18 Jan 2022 | 20:02 UTC

US LNG WEEKLY: FOB cargo values fall again amid limited European slots

Highlights

Liquefaction terminals remain near full dispatch

Panama Canal congestion eases on the week

Scarce slot availability in Europe and tepid demand in Asia pushed down US Gulf Coast FOB daily export cargo values for the fourth straight week Jan. 11-18.

The drop was tempered by a further decline in shipping rates, which was supportive of netbacks.

Traders said volatility in delivered prices was making it difficult to determine fair value for FOB cargoes.

"No one would buy FOB now if you do not have a slot in Europe," said an Atlantic-based trader.

S&P Global Platts assessed the Gulf Coast Marker for March at $21.90/MMBtu Jan. 18, up 60 cents from the day before, but down $2.85/MMBtu from the beginning of the week. A month earlier, Dec. 21, GCM hit an all-time high of $54.95/MMBtu. Since then, delivered prices in Europe have fallen sharply overall, although they have been up and down from day to day, in a nod to the volatility in the market.

GCM still ended the most recent week up more than fourfold from the same day a year earlier. Relatively robust netbacks have continued to provide an incentive for high utilization at US LNG export terminals.

During the most recent week, feedgas nominations rose at US liquefaction terminals to an average of 12.9 Bcf/d, Platts Analytics data showed.

The main driver was Cheniere Energy's Sabine Pass terminal in Louisiana, with the facility nominating, on average, 4.9 Bcf/d during the week, about 16% higher than the previous week. All the other terminals showed similar feedgas nomination levels as in the previous week, except Kinder Morgan's Elba Liquefaction in Georgia, where flows declined slightly week on week.

Venture Global LNG received approval from US regulators Jan. 12 to flow gas to the first two LNG trains at its Calcasieu Pass terminal in Louisiana, as commissioning toward startup continues. The 18-train facility will have a capacity of 10 million mt/year once it fully ramps up.

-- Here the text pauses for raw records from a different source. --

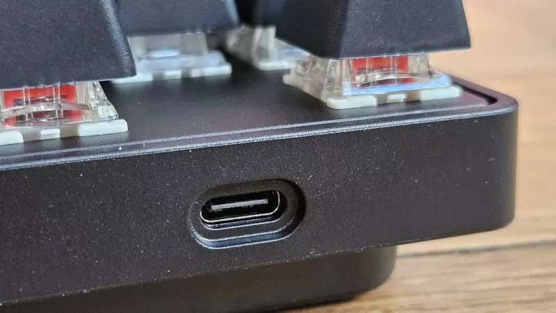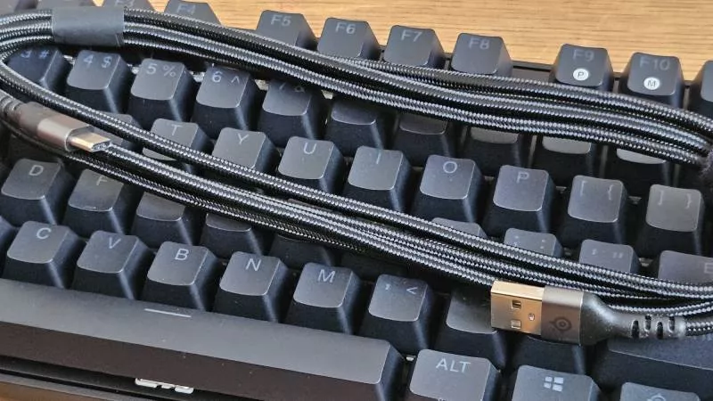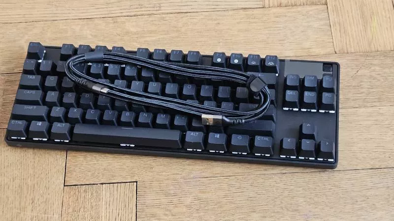 Testovaná verze klávesnice Apex pro TKL se k počítači připojuje pomocí 220cm odnímatelného USB-A/C kabelu, který je součástí dodávky, ale existuje i varianta s bezdrátovým připojením. V balení dále najdeme podložku pod zápěstí a nástroj pro výměnu tlačítek. Náhradní tlačítka ale v krabici nejsou.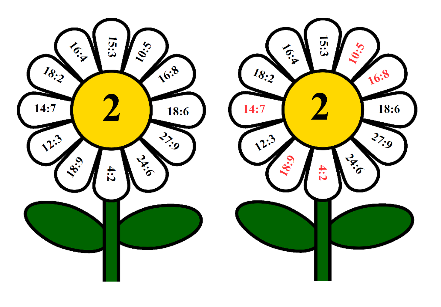 Dzieci grają w parach. Jedna osoba uzupełnia kwiatek poprzez wpisanie właściwego wyniku lub przypięcie klamerek w odpowiednich miejscach. Druga osoba sprawdza poprawność wykonania zadania, mając „kwiatek kontrolny”. Dzięki temu osoba, która sprawdza też utrwala właściwe wyniki.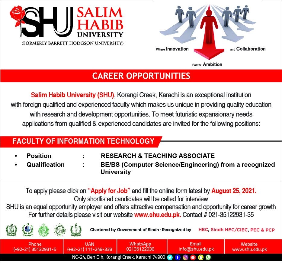 To apply please click on "Apply for Job.. and fill the online form latest by August 25, 2021. Only shortlisted candidates will be called for interview SHU is an equal opportunity employer and offers attractive compensation and opportunity for career growth For further details please visit our website www.shu.edu.pk. Contact # 021-35122931-35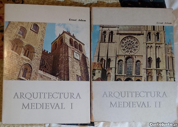 Arquitectura medieval I e II, Ernst Adam, Editorial Verbo, Colecção Ars Mundi n.ºs 9 e 12, 1970, 205+203 páginas, respetivamente. Com assinatura de posse; desgaste nas capas do segundo volume; em bom estado geral.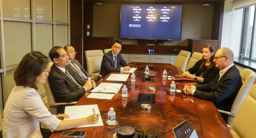 訪問芝加哥大學(xué)期間,芝加哥大學(xué)校長保羅·阿利維薩托斯(Paul Alivisatos)會(huì)見代表團(tuán)一行。龔旗煌感謝芝加哥大學(xué)對(duì)2024年中美頂尖大學(xué)“10+10”校長論壇給予的鼎力支持,并回顧了兩校在教學(xué)科研、人才培養(yǎng)等領(lǐng)域的密切合作。龔旗煌表示,芝加哥大學(xué)北京中心及北京大學(xué)芝加哥中心在促進(jìn)兩校深度合作方面具有標(biāo)志性意義,希望未來兩校在學(xué)生聯(lián)合培養(yǎng)、科學(xué)研究等領(lǐng)域開展更加廣泛的合作。阿利維薩托斯歡迎龔旗煌一行訪問芝加哥大學(xué),并介紹了芝加哥大學(xué)海外中心在人才培養(yǎng)領(lǐng)域發(fā)揮的重要作用。他希望在已有合作基礎(chǔ)上,進(jìn)一步深化兩校合作。

Calcasieu Pass and Qatar Petroleum- and ExxonMobil-backed Golden Pass LNG in Louisiana are the only two liquefaction terminals currently under construction in the US. There are six major LNG export terminals in operation. Golden Pass' startup is targeted in 2024.

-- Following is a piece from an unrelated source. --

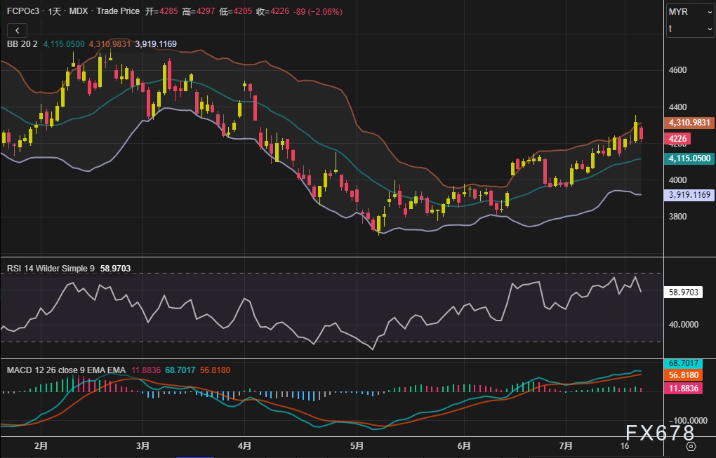 周一(7月21日),马来西亚衍生品交易所(BMD)棕榈油主力合约FCPOc3收于4226林吉特/吨,单日下跌89林吉特(2.06%),终结前一交易日反弹势头。技术指标显示,MACD柱状线收缩至11.88,RSI(14)回落至58.97,价格跌破布林通道中轨4115林吉特支撑,短期动能明显转弱。

As for projects under development, Glenfarne Group, whose up to 4 million mt/year Texas LNG terminal has been proposed to be built in Brownsville, Texas, said Jan. 18 it had executed a pipeline transportation precedent agreement with Canadian midstream operator Enbridge for the expansion of the Valley Crossing Pipeline. The expansion would be able to deliver about 720 MMcf/d of feedgas to Texas LNG.

VCP comprises a 160-mile 42- and 48-inch-diameter pipeline originating at Agua Dulce, a major Texas gas hub, and extending to the Port of Brownsville. Under the deal with Enbridge, a 10-mile lateral will be built to extend the pipeline to Texas LNG's facility, along with the addition of compression facilities on the existing pipeline.

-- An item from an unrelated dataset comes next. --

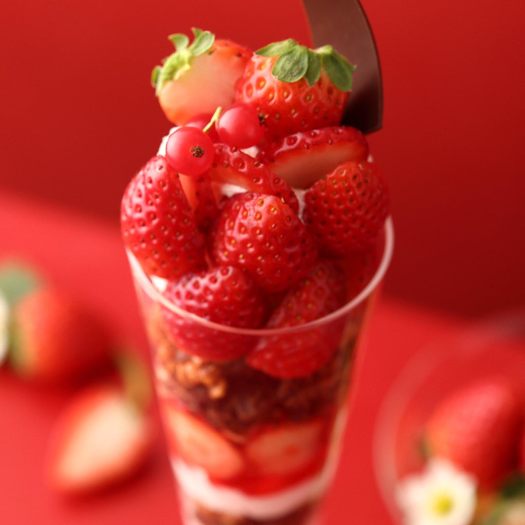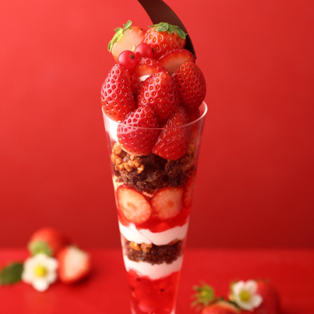 フェアの中心となる「苺のパフェ」は、甘酸っぱい苺にあわせるクリームを、今回から“フランボワーズ・マスカルポーネクリーム”に変更し主役の苺がより引き立つ味わいにリニューアルしました。またトップに飾る真っ赤な苺を、今にもグラスからこぼれ落ちそうなイメージのデコレーションに変更し、より苺感がアップした華やかな見た目に。

On the sidelines of a conference last September, an executive said that based on ongoing commercial discussions and its own internal demand, Glenfarne believed it will be able to make a final investment decision on Texas LNG by the end of 2022 and its Magnolia LNG project in Louisiana by the end of 2023. The developer has not announced any firm offtake agreements since those comments. In a statement Jan. 18, the developer maintained its final investment decision target for Texas LNG, with commercial startup expected in 2026.

Meanwhile, Panama Canal congestion eased during the most recent week, with the maximum wait Jan. 18 for unreserved LNG tankers transiting the passageway at two days northbound and two days southbound, according to the Panama Canal Authority.